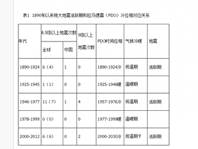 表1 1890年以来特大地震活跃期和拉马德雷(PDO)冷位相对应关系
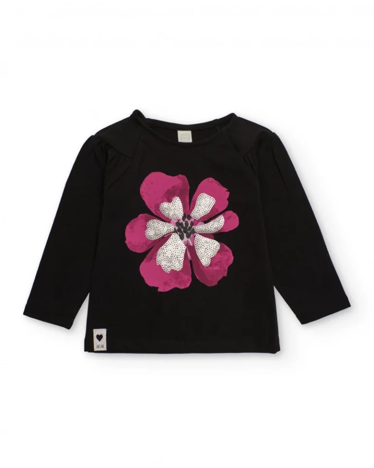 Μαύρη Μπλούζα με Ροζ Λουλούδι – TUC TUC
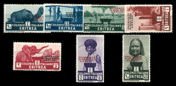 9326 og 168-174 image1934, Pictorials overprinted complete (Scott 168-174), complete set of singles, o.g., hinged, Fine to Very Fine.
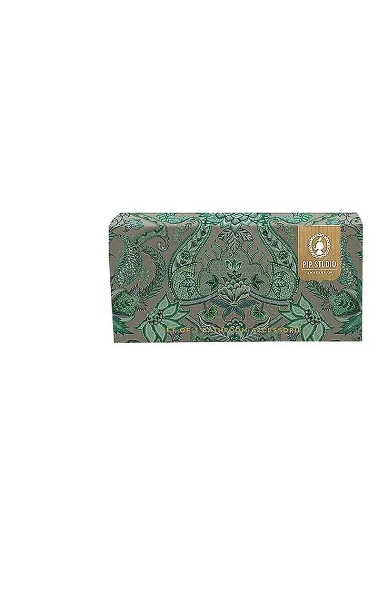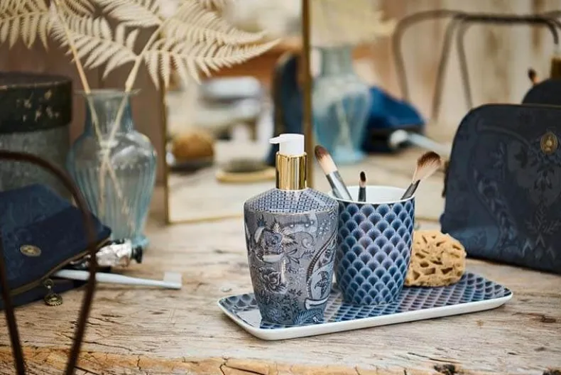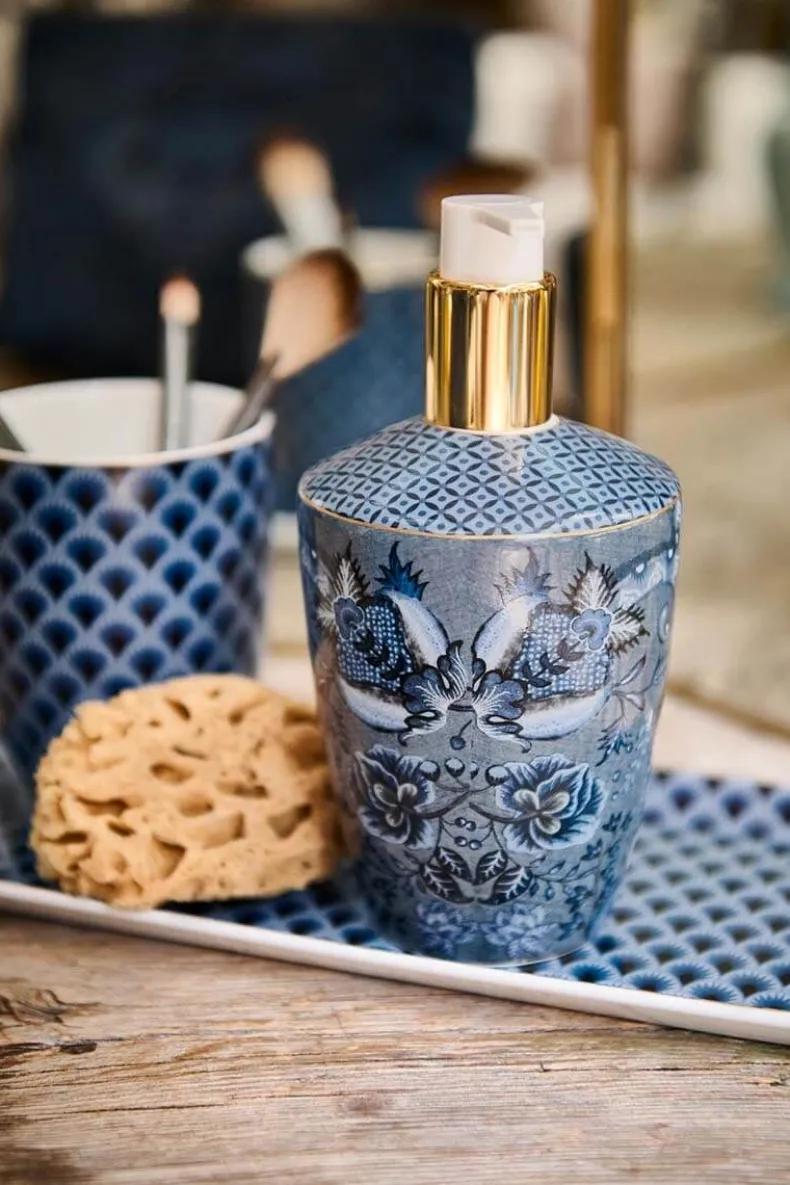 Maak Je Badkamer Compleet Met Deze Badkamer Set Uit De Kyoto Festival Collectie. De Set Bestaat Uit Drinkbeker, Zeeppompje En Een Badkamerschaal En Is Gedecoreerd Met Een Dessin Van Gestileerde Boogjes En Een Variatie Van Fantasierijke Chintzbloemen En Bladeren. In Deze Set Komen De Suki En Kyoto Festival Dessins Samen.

Prompt: Omit every picture, then reproduce the rest of the listing exactly.

Task solution:
 表1 1890年以来特大地震活跃期和拉马德雷(PDO)冷位相对应关系
 Μαύρη Μπλούζα με Ροζ Λουλούδι – TUC TUC
 9326 og 168-174 image1934, Pictorials overprinted complete (Scott 168-174), complete set of singles, o.g., hinged, Fine to Very Fine.
 Maak Je Badkamer Compleet Met Deze Badkamer Set Uit De Kyoto Festival Collectie. De Set Bestaat Uit Drinkbeker, Zeeppompje En Een Badkamerschaal En Is Gedecoreerd Met Een Dessin Van Gestileerde Boogjes En Een Variatie Van Fantasierijke Chintzbloemen En Bladeren. In Deze Set Komen De Suki En Kyoto Festival Dessins Samen.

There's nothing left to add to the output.